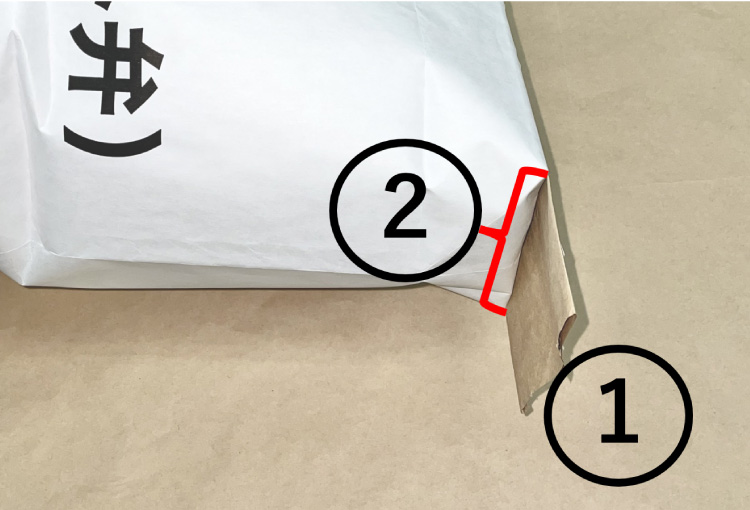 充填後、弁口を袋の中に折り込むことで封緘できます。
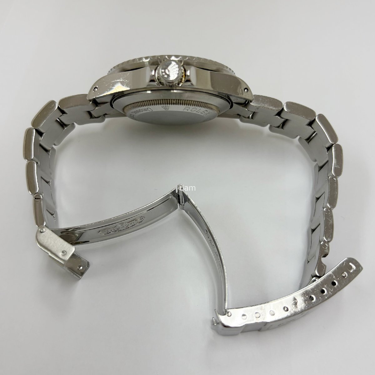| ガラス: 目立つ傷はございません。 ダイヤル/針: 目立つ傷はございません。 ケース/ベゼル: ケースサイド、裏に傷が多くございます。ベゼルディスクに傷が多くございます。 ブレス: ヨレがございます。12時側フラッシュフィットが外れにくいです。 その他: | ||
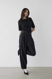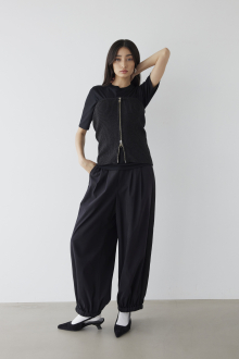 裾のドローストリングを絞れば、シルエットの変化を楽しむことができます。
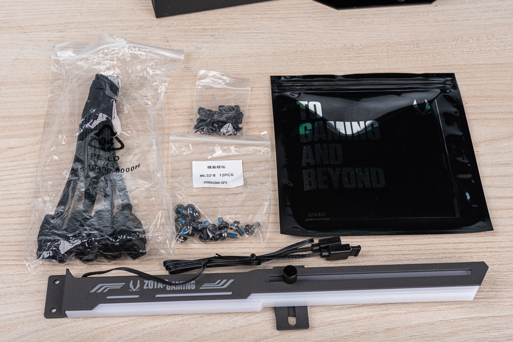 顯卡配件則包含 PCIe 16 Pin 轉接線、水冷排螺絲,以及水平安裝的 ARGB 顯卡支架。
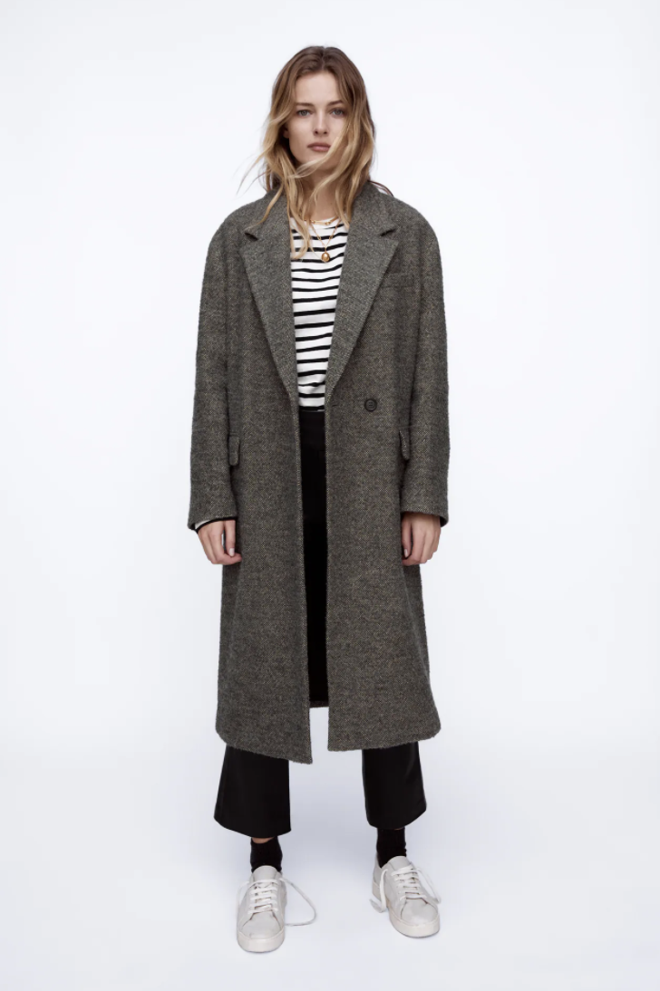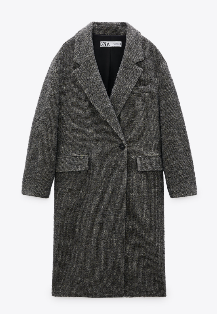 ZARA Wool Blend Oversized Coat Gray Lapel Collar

________________________________________

▸ **Work required**
Given the listing above, return exactly, and only, the lines from the line with "裾のドローストリングを絞れば、シルエットの変化を楽しむことができます。" through its final line, both included, with the pictures removed.

▸ **Output**
 裾のドローストリングを絞れば、シルエットの変化を楽しむことができます。
 顯卡配件則包含 PCIe 16 Pin 轉接線、水冷排螺絲,以及水平安裝的 ARGB 顯卡支架。
 ZARA Wool Blend Oversized Coat Gray Lapel Collar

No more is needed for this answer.